Parliament of India
- Enacted by: Parliament of India

= Ancient Monuments and Archaeological Sites and Remains Act, 1958 =

Act of Government of India

The Ancient Monuments and Archaeological Sites and Remains Act, 1958 (abbreviated as: AMASR Act) is an act of the Parliament of India that provides for the preservation of ancient and historical monuments and archaeological sites and remains of national importance, for the regulation of archaeological excavations and for the protection of sculptures, carvings and other similar objects. It was passed in 1958. The Archaeological Survey of India (ASI) and National Monuments Authority (NMA) functions under the provisions of this act.

== Provisions ==
The act's rules stipulate that the area within 100 metres of a monument is a prohibited area. In addition, the area within 200 meters of the monument is a regulated area. Any repair or modifications of buildings in this area requires prior permission.

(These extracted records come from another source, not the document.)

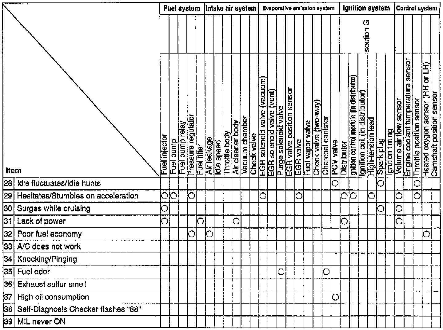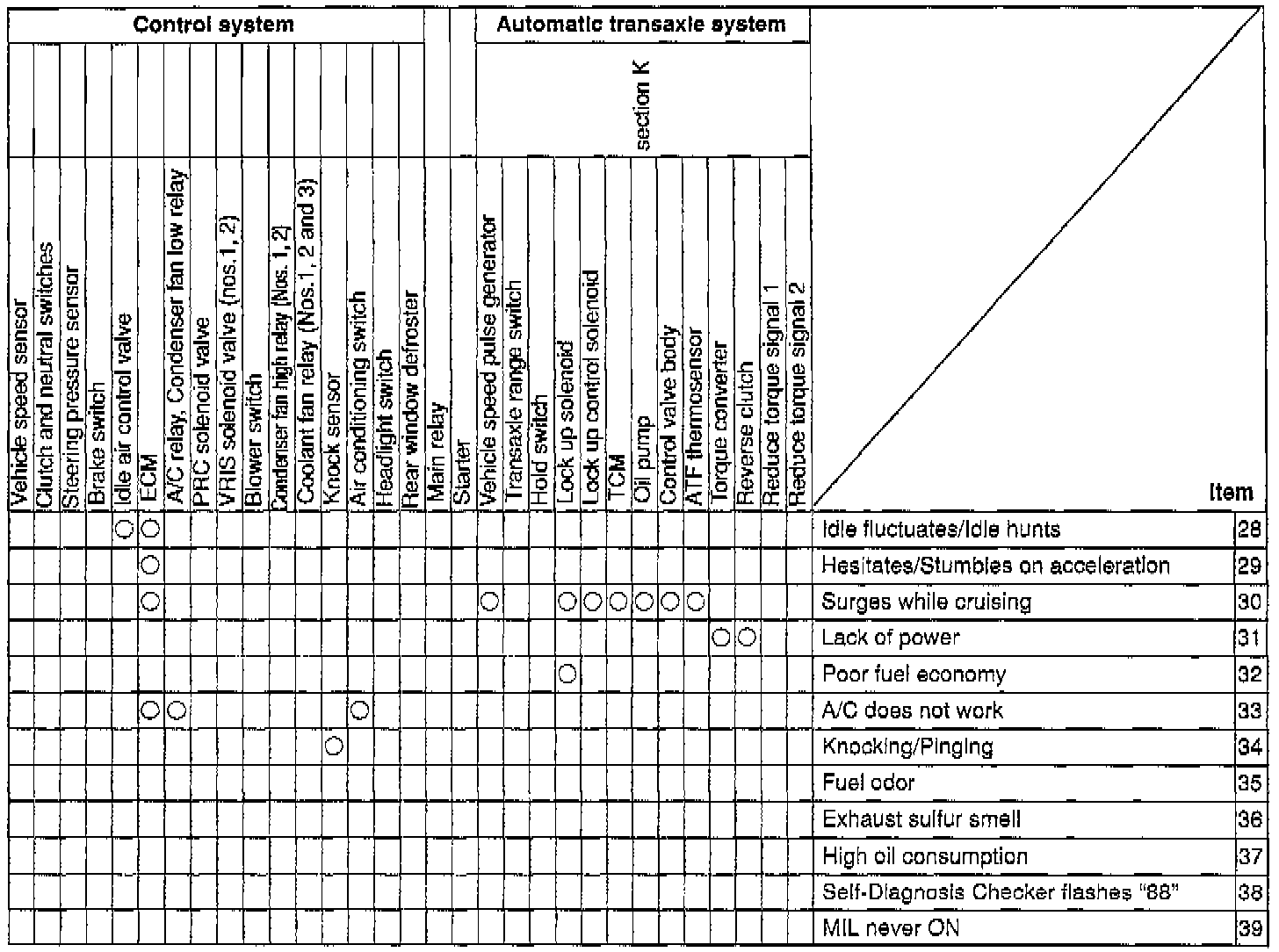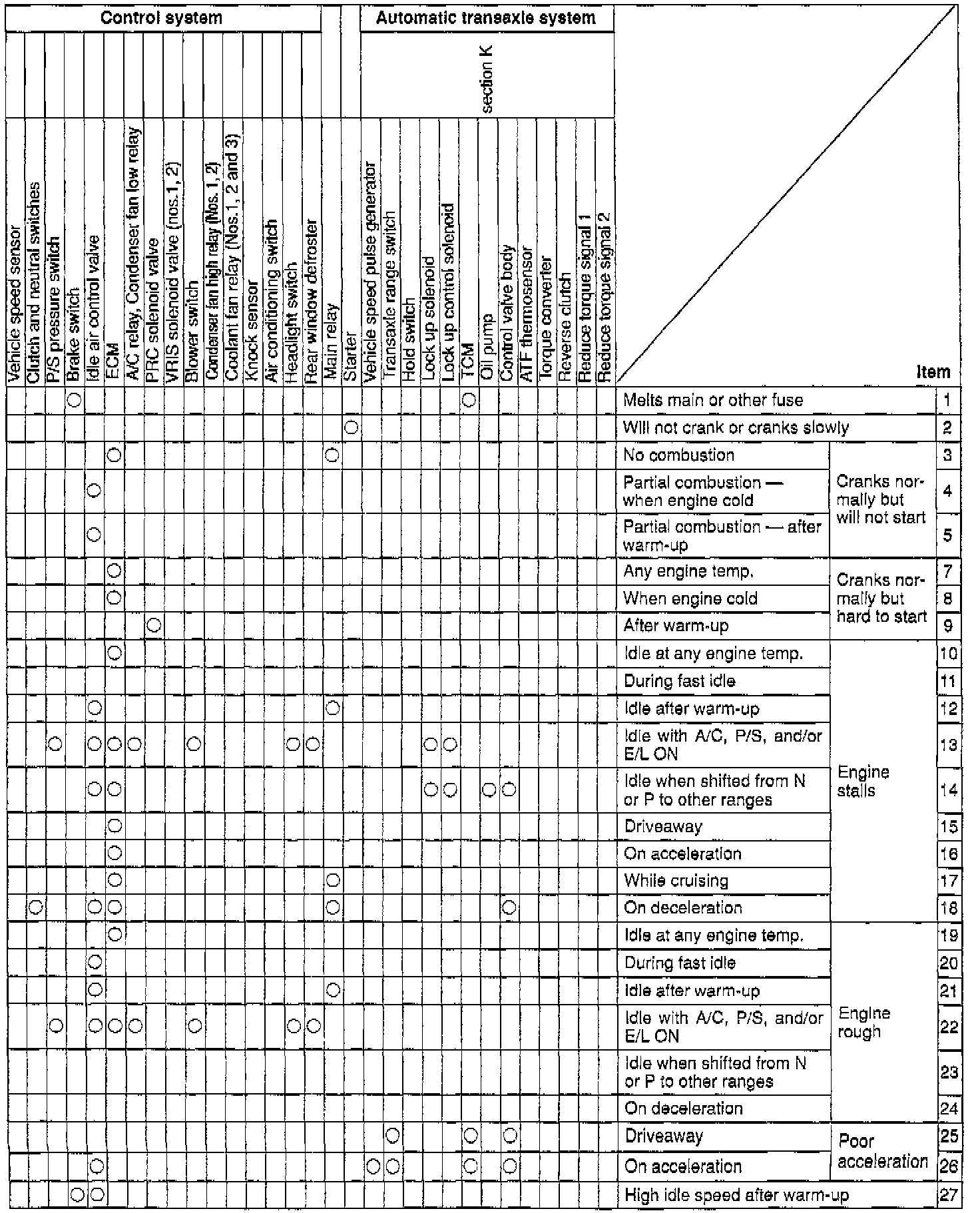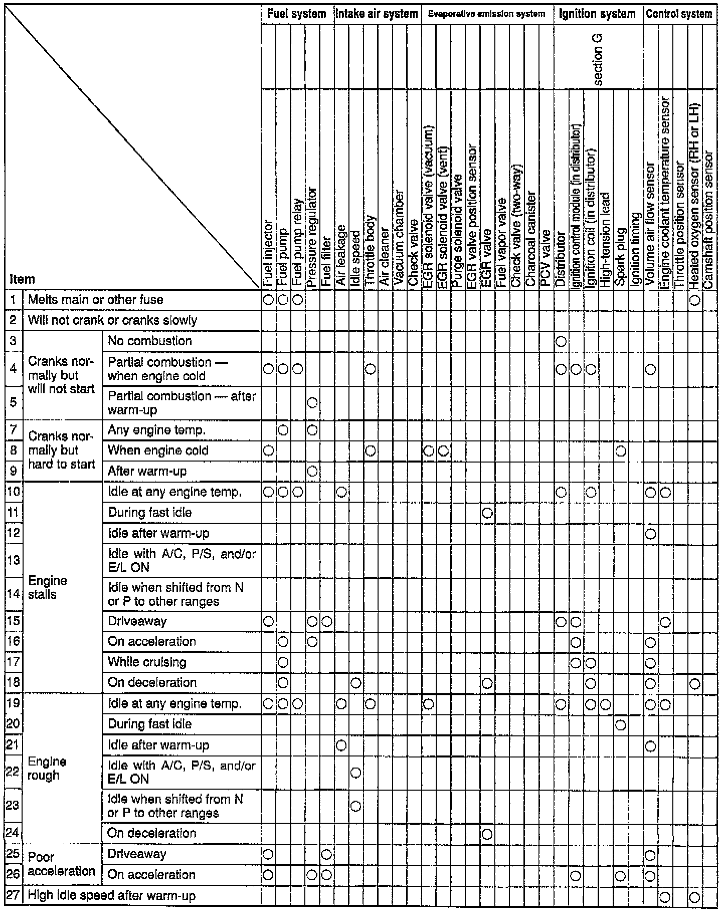 These Quick Diagnosis Charts show the relationship between troubleshooting items and inspection points.
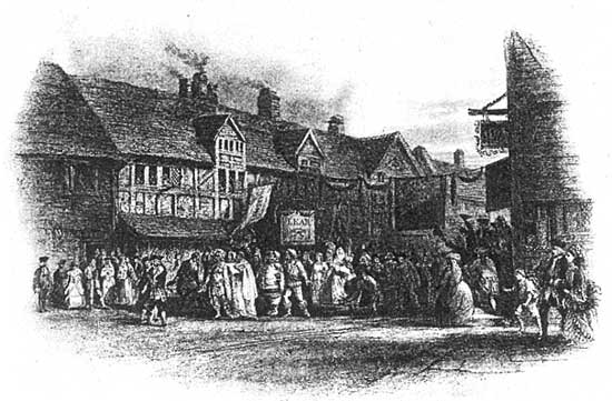 Празднование 200-летия юбилея Шекспира в 1764 году. Устроена знаменитым актером Гарриком процессия направляется к дому, где родился Шекспир.
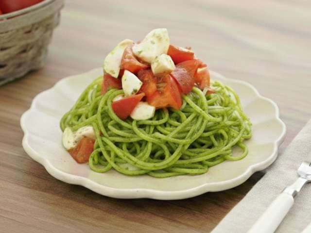 4、パスタ、とまと、チーズをお皿に盛りつける。
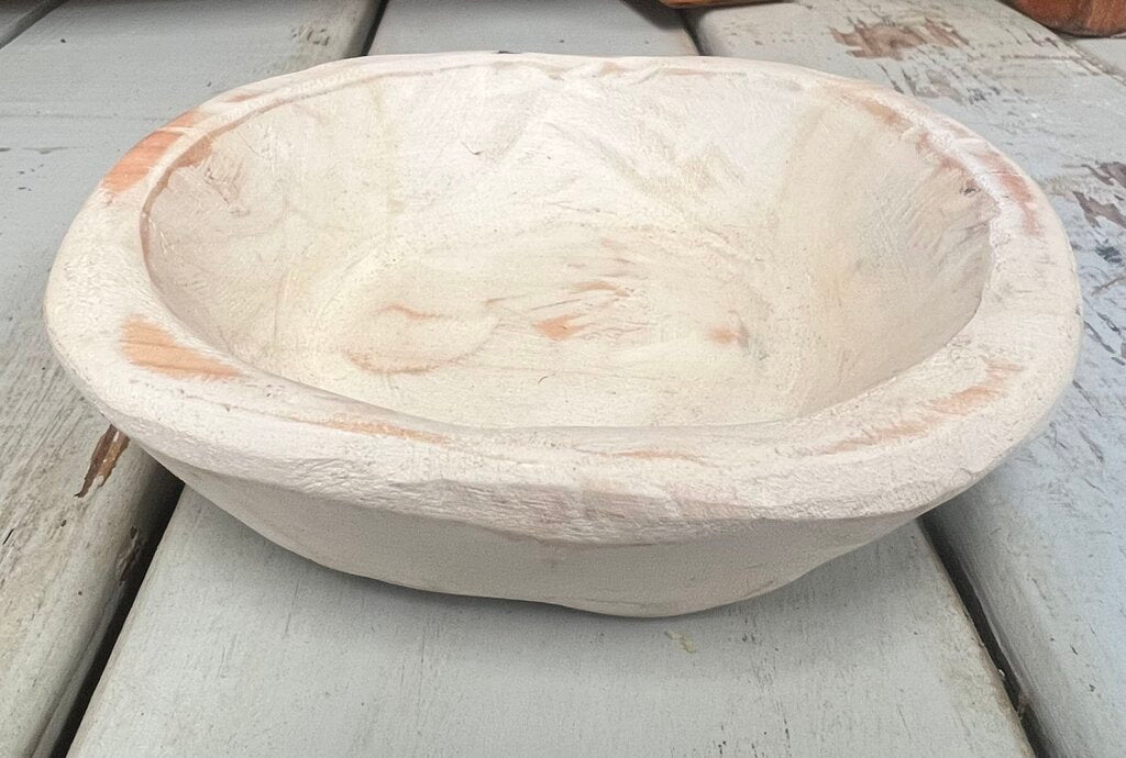 WOODEN DOUGH BOWLS PERFECT TO ADD TO ANY SPACE. EACH BOWL HAS ITS OWN UNIQUE CHARACTERISTICS BUT IS ROUGHLY 6" IN DIAMETER
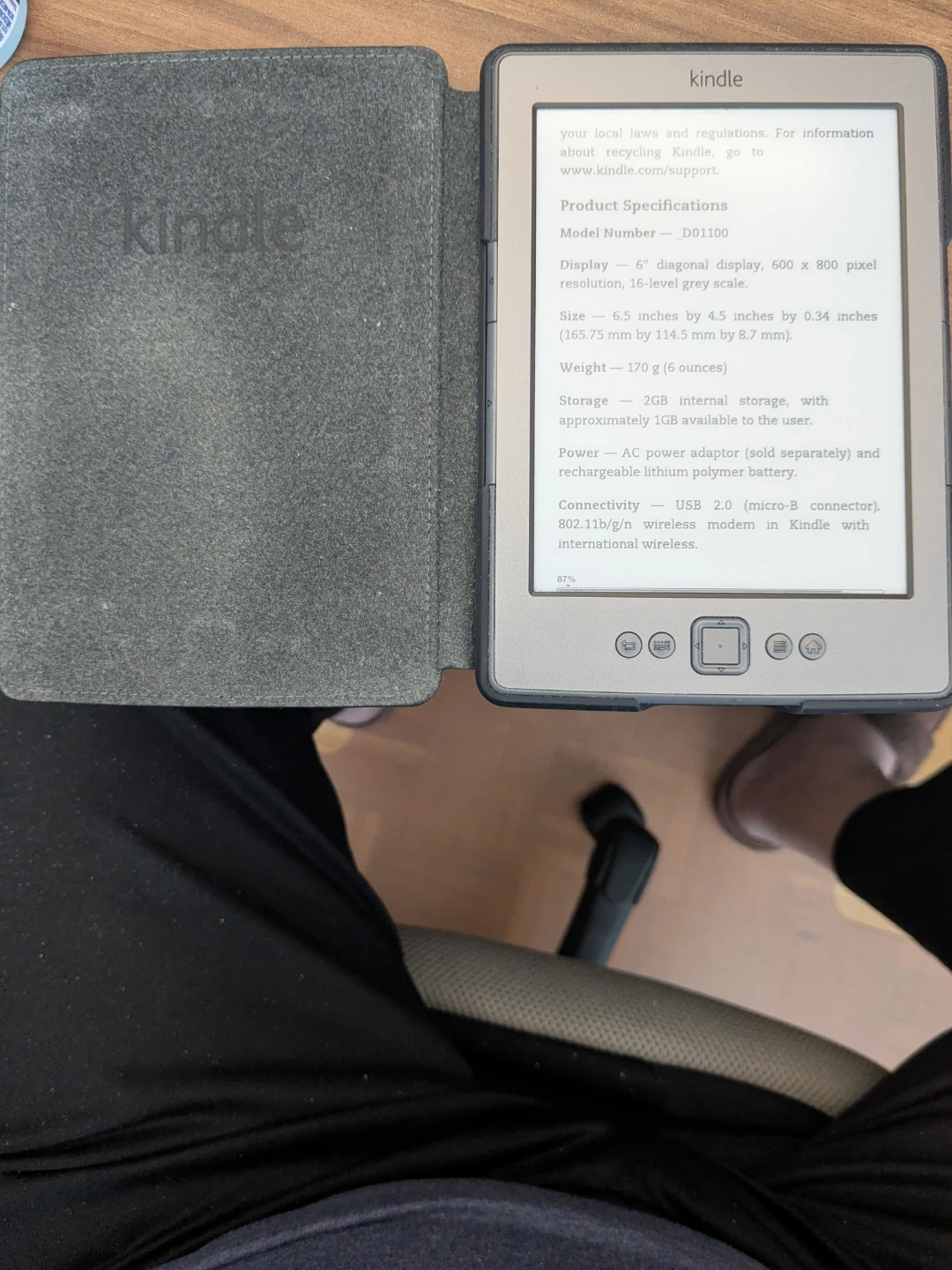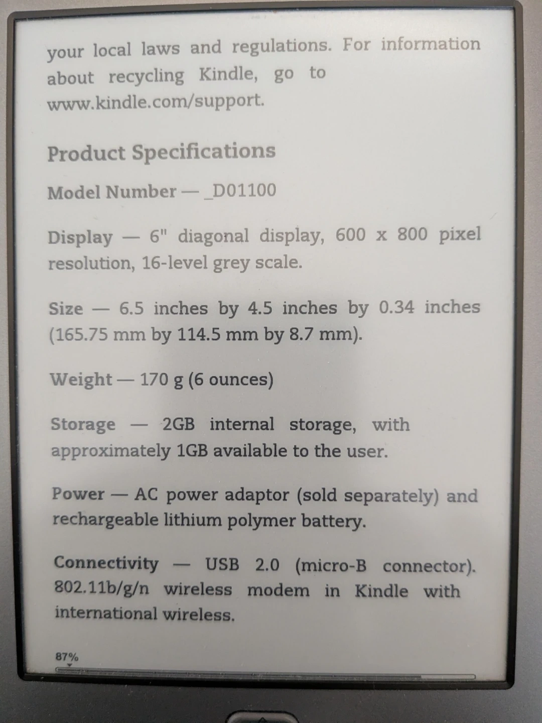 Amazon Kindle e-reader with a 6" diagonal display. It's 6.5" x 4.5" x 0.34" and weighs 170g. It has 2GB internal storage and USB 2.0 connectivity. Great for reading books on the go!
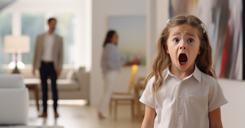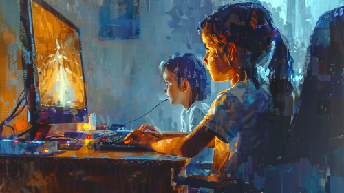 portrait of two 7 year old children sitting in front a one computer, behind them is her mother watching them in an armchair in the living room of her house --v 6.0 --stylize 200 --ar 16:9
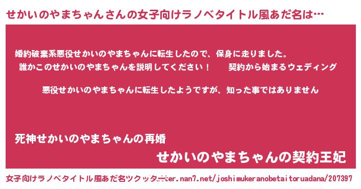 | 男性向けラノベタイトル風あだ名 | 『この素晴らしい世界にせかいのやまちゃんを!』 |

In 2023 the culture minister of India suggested that amendments to the act could soon be expected.

== National Monuments Authority ==
The National Monuments Authority (NMA) is a statutory body under Government of India's Ministry of Culture, established in 2011 to protect centrally protected monuments. It regulates construction, repairs, and development in prohibited and regulated areas around these sites to prevent encroaching urbanization, ensuring the preservation of India's heritage.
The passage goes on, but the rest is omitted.